Because the Morin bequest was unrestricted, the University had wide latitude in spending his money. Perhaps Morin would have preferred more scholarly uses.  Maybe he would have preferred that his gift  be endowed rather than spent down. But there were no such gift restrictions.

A blogger to the New York Estate Planning Attorneys blogsite noted that legally nothing wrong was done.  But perhaps from a public relation’s standpoint the University of New Hampshire’s allocations for the funds were mistaken.  “When a person leaves a bequest or gift in their will, the assets or money is generally given freely and without restriction.” It added that “The entire probate process is designed to retitle assets, respect the wishes of the deceased and ensure that everything is done according to the law,”   concluding that “the danger of not having any conditions or restrictions attached to a bequest or gift….is that there is no guarantee that the funds will be used for purposes that you approve of.”

If given a choice, charities prefer unrestricted rather than restricted gifts.  Andy Canada, formerly with the Indiana University Foundation, notes that unrestricted giving is critical to almost every non-profit, “ … to take advantage of opportunities as they arise… or meet any critical emergency needs that come along.”  Cognizant of the importance of unrestricted gifts, the $10 billion Lilly Endowment actually offers Indiana community foundations matching grants for unrestricted gifts that they procure.

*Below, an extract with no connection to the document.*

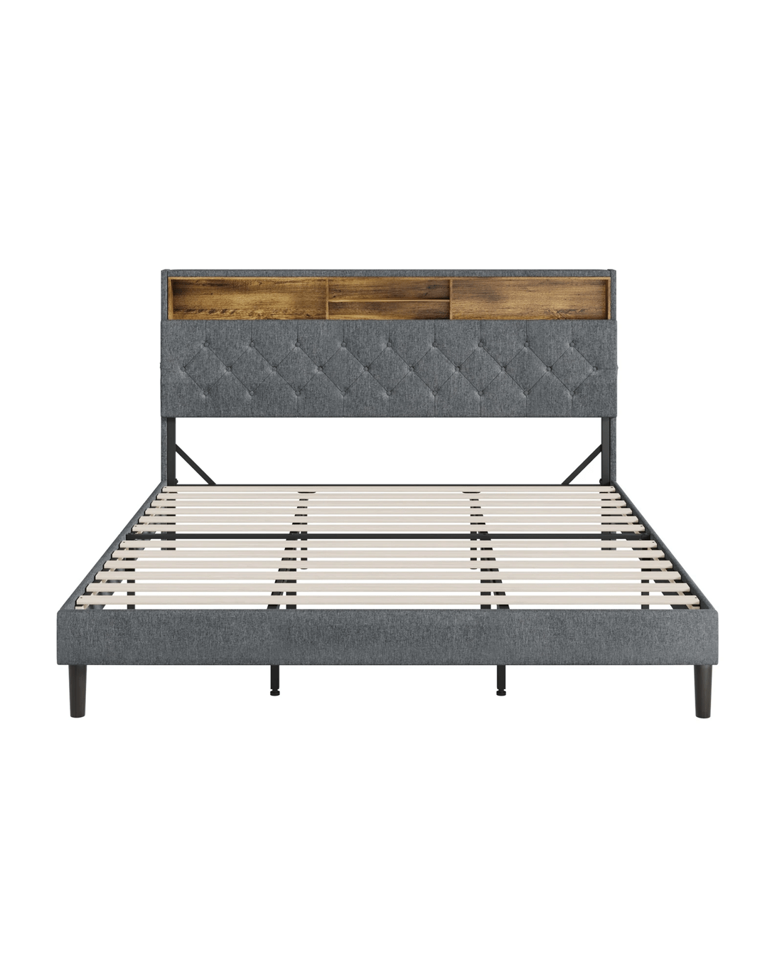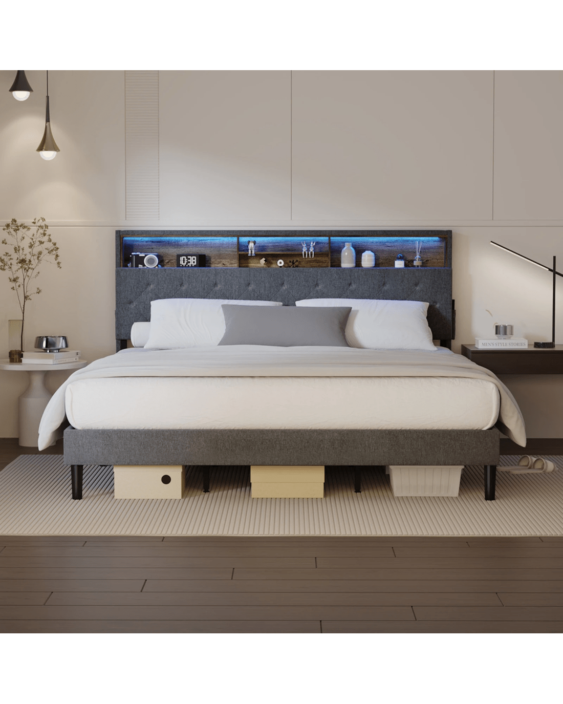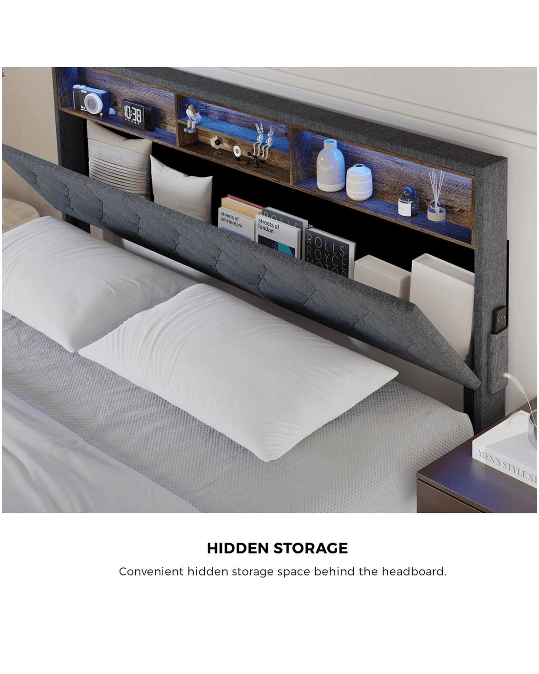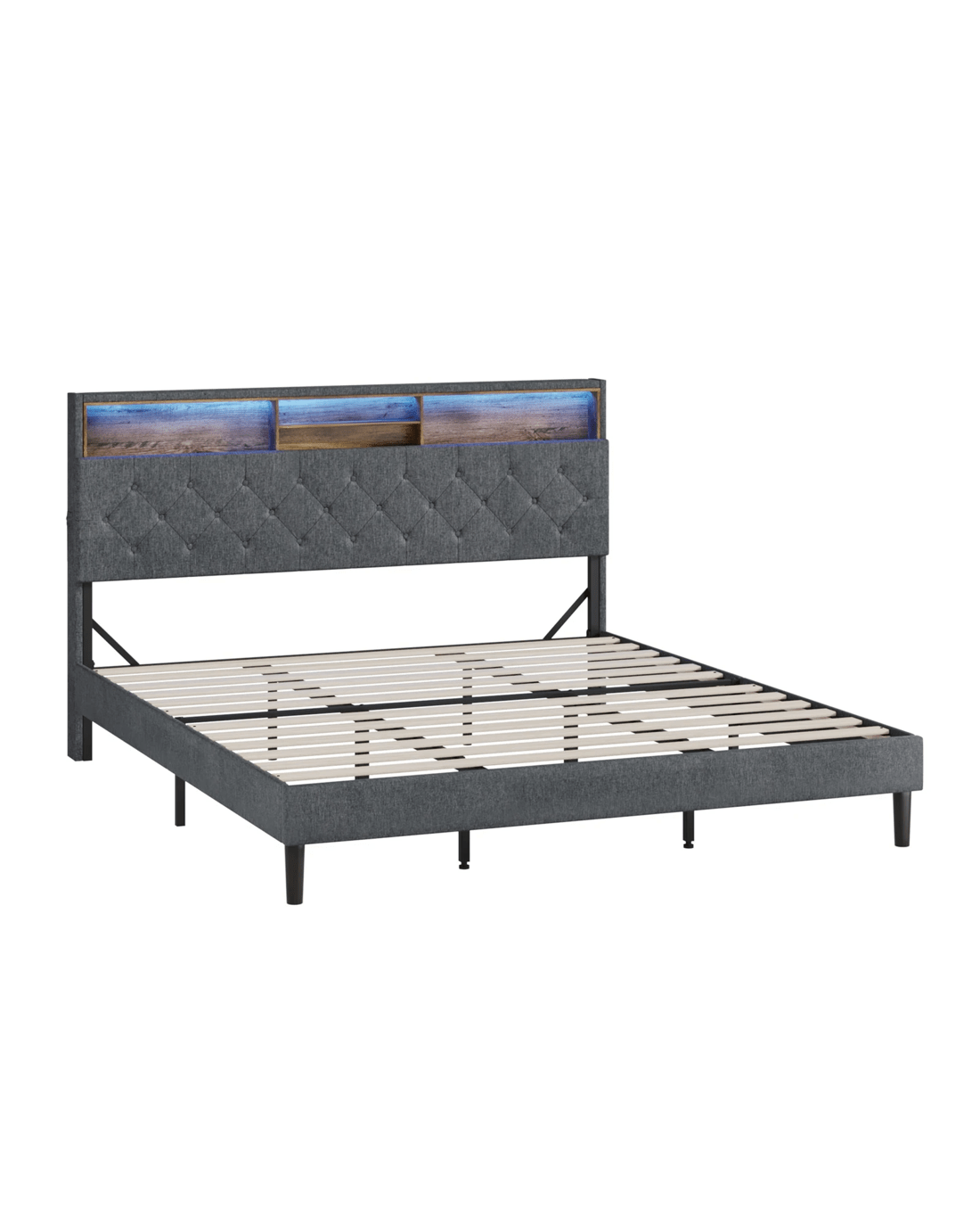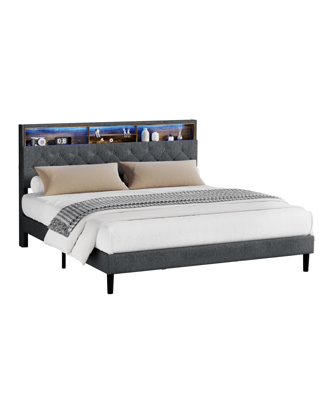 Sold by Kamprad's Oikos 1943Oikiture King Bed With Led Storage Bedhead Bed Frame - Grey

Per Canada, organizations need to be proactive in approaching their constituents about unrestricted giving.” It might be more difficult than discussing a restricted gift to a specific project,  but the flexibility of the funds are critical for the organization.”

The Lilly Endowment’s commitment to unrestricted giving and the case of Robert Morin give food for thought to how to structure  bequest provisions to our favorite charities.  Clearly, unrestricted giving requires a deeper level of trust between the donor and the organization, and the donor must feel confident that his or her funds will be utilized to move the organization forward.

Some of the world’s oldest charitable endowments are in England. Today, they continue to fund good works more than 500 years after their creation.  That’s what you can buy when you leave a legacy:  years, decades, generations, even centuries of doing good.  Restricted or unrestricted?   Choose wisely.

Article appears as originally published in the Ohio Jewish Chronicle Wednesday November 22, 2017.

Jackie Jacobs is the Chief Executive Officer of the Columbus Jewish Foundation, the Central Ohio Jewish community’s planned giving and endowment headquarters.